Secondly: The nature of the work:
The real estate developer is directly involved in all stages of project development, from land purchase to planning, design, construction, marketing, and sales.
The real estate investor participates in the project development stages in a limited way and focuses mainly on buying income-generating real estate or selling it to make a profit.
Third: Objectives:
The real estate developer aims to add new and different value to the real estate community by creating new projects that meet the market needs.
A real estate investor mainly aims to make a profit through buying and selling or renting properties.
Fourth: Risks and returns:
A real estate developer faces greater risks due to his direct involvement in all stages of project development, but he gets higher returns if the project is successful.
The real estate investor faces less risk due to his limited involvement in the development stages of the project, but he gets lower returns.
The relationship between investment and real estate development is both complementary and competitive, as property developers work to provide attractive opportunities for investors, while the developer and the investor may compete to buy land with a promising future to benefit from it.
What is the role of real estate valuation in development and investment?

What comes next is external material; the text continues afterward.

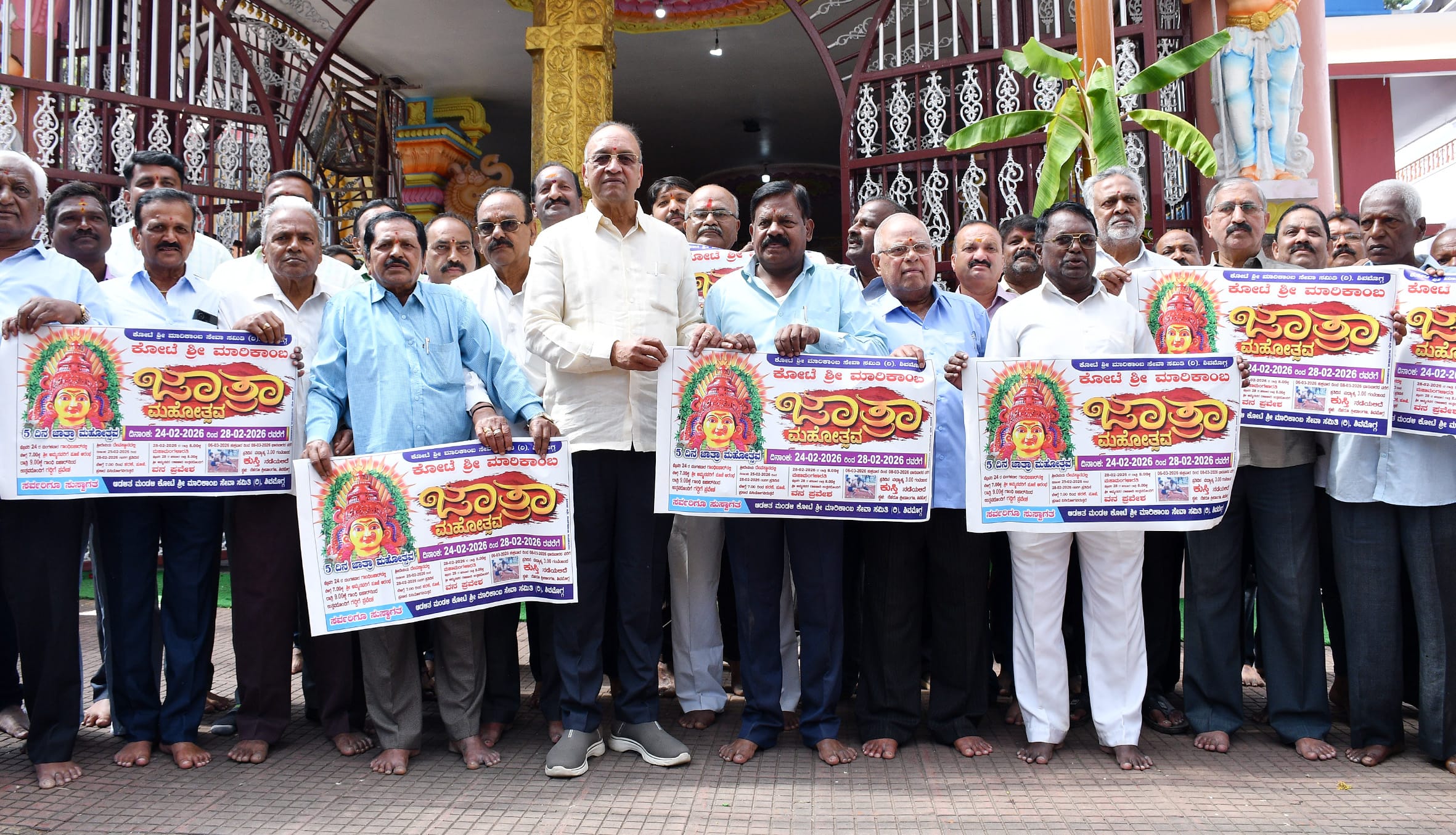 ಶಿವಮೊಗ್ಗ: ಶಿವಮೊಗ್ಗದ ಇತಿಹಾಸ ಪ್ರಸಿದ್ಧ ಕೋಟೆ ಶ್ರೀ ಮಾರಿಕಾಂಬಾ ದೇವಿಯ ಜಾತ್ರಾ ಮಹೋತ್ಸವದ ಸಂಭ್ರಮಕ್ಕೆ ಅಧಿಕೃತ ಚಾಲನೆ ಸಿಕ್ಕಿದ್ದು, ಫೆ.24ರಿಂದ 28ರವರೆಗೆ ನಡೆಯಲಿರುವ ಈ ಅದ್ಧೂರಿ ಉತ್ಸವದ ಪೋಸ್ಟರ್ ಅನ್ನು ಮಂಗಳವಾರ ದೇವಾಲಯದ ಆವರಣದಲ್ಲಿ ಬಿಡುಗಡೆಗೊಳಿಸಲಾಯಿತು.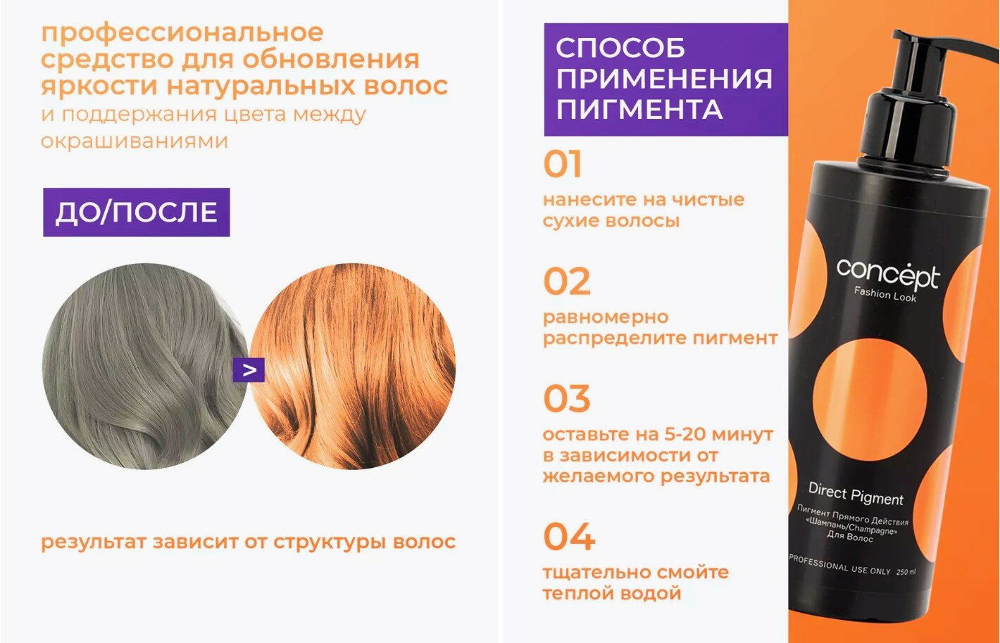 Concept, Шампань пигмент прямого действия Fashion Look, 250мл

From the above, it is clear that the developer works to create value for vacant land by transforming it into attractive projects that represent promising opportunities for investors. The investor studies the opportunities to choose the most promising ones to achieve the expected return. Here, the role of the real estate evaluator emerges, which is considered a pillar for both paths, as the real evaluator does:
- Land purchase decisions for developers:
Before starting a project, a real estate developer relies on the valuation of the land to determine whether its market value is commensurate with the expected return from the project. A real estate valuation helps the developer avoid high-risk investments.
- Determine appropriate selling prices:
Once construction is completed, Real estate valuation plays a key role in helping the developer set competitive selling prices for the units in the project. Prices set based on market value help achieve faster sales and better profit margins.
- Helping investors make wise investment decisions:
Real estate valuation gives investors the ability to evaluate different investment opportunities. A real estate evaluation report gives the investor insights into whether the price of the real estate for sale is in line with the value of the project.
In conclusion, we can say that both real estate investment and property development are important fields that offer various profit opportunities. They rely on real estate valuation to determine the most appropriate use and feasibility of the entire project.